# Six Month Old Photoshoot - Props? Poses? Ideas?



## littlesandra

I mainly shoot people, who can actively walk and talk (lol) But through a friend of a friend, I got a shoot with a woman and her 6 month old baby girl. It's my second paid shoot - It's going to be an outdoor shoot, and I'm just stuck on what poses to do? What props? I have NO idea when it comes to baby photography! Can someone help a girl out


----------



## rachlynn17

A very simple prop is a flower. It will work indoors or outdoors. What ever she does to it is going to be adorable.

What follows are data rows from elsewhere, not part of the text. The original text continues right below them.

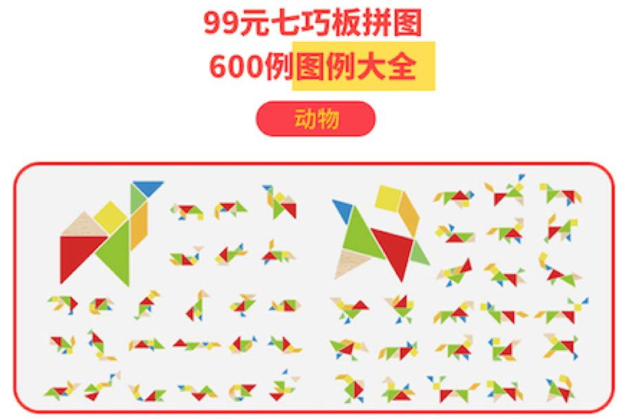 用户所需要的就是市场机会,七巧板加上课程、加上拼图,才能达到立体学习的效果。加入了“600例拼图团案大全”的诱饵,用户很想要图例,600个看着也多,价值感就出来了。
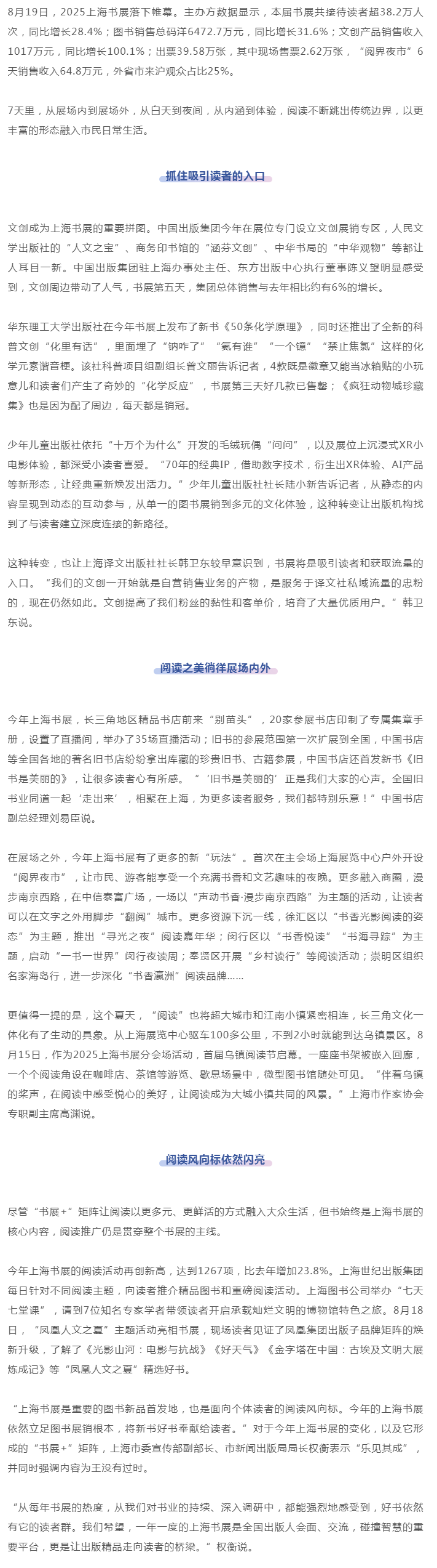 8月19日,2025上海书展落下帷幕。主办方数据显示,本届书展共接待读者超38.2万人次,同比增长28.4%;图书销售总码洋6472.7万元,同比增长31.6%;文创产品销售收入1017万元,同比增长100.1%;出票39.58万张,其中现场售票2.62万张,“阅界夜市”6天销售收入64.8万元,外省市来沪观众占比25%。
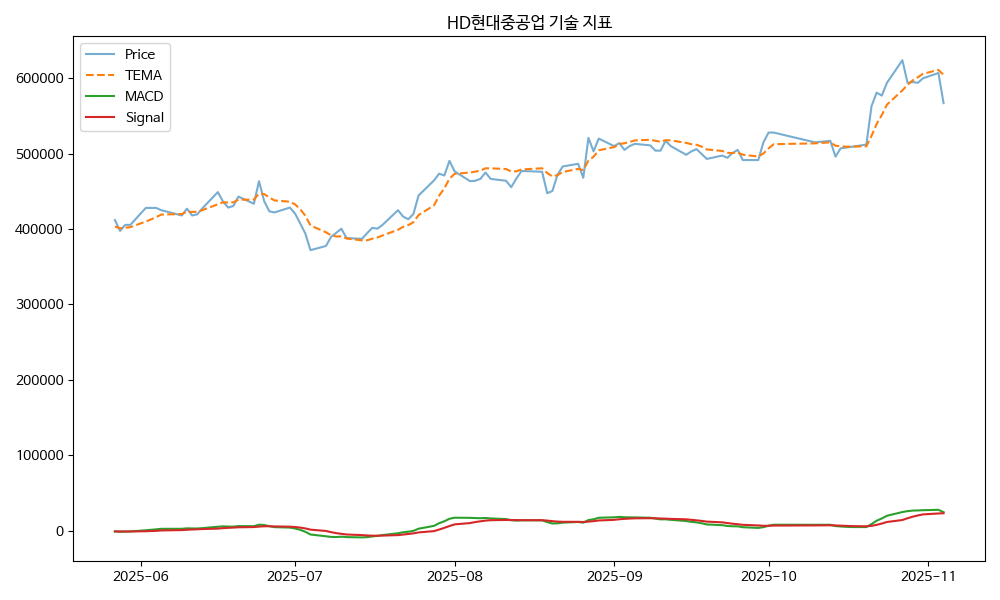 - TEMA: 현재가 567000.00, TEMA 604557.33 → 하락 흐름
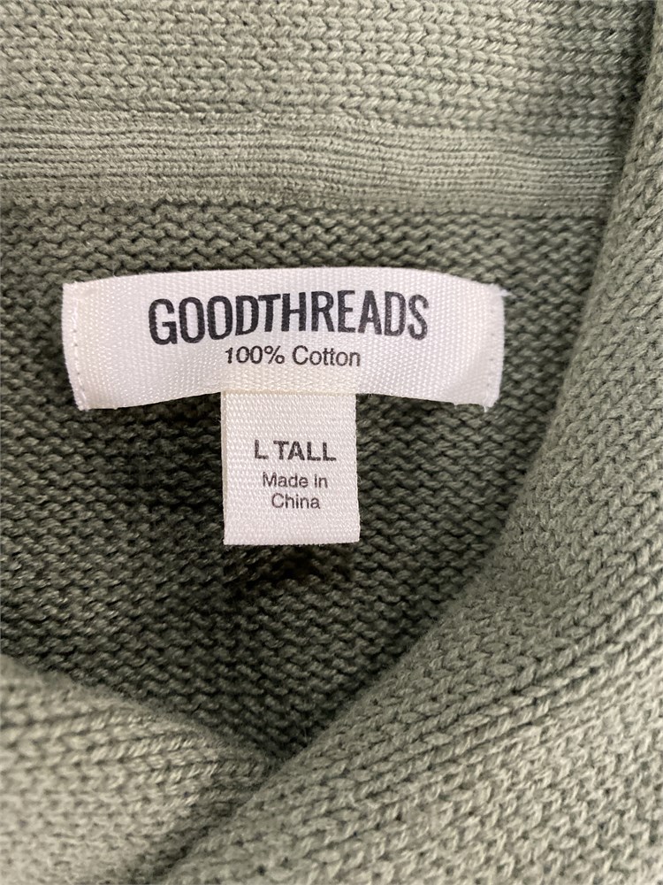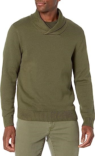 Goodthreads Men's Soft Cotton Shawl Sweater, Olive, Large-Tall

Just let the girl crawl around. Bring a blanket to start the pictures on. Where ever she goes, follow.
http://www.woodphotostudio.com/07-29%20Miles/FrameSet.htm

(Look at the last picture)


----------



## AprilRamone

I don't really pose 6 month olds.  For the most part, I just take them somewhere pretty and sit them up and get different angles and try to get them to smile.  
If you are taking some with the mom and her daughter, try to get some of them interacting with each other as well as the ones of them looking at you.
Good luck


----------



## littlesandra

Thanks! We've decided on flowers, bubbles, her favorite toy, and at the end of the shoot a big chocolate ice cream! ha ha


----------



## JenR

Try google-ing chld photographers.  There are tons and tons of beautiful examples on the 'net.  You probably already know this, but be sure to check with the mom before you hand the baby an ice cream cone!!!!


----------



## littlesandra

Me and the mother have been in constant contact over the last week working out details of the shoot. 

I have googled, but I was also looking for insight from people who frequent the site.


----------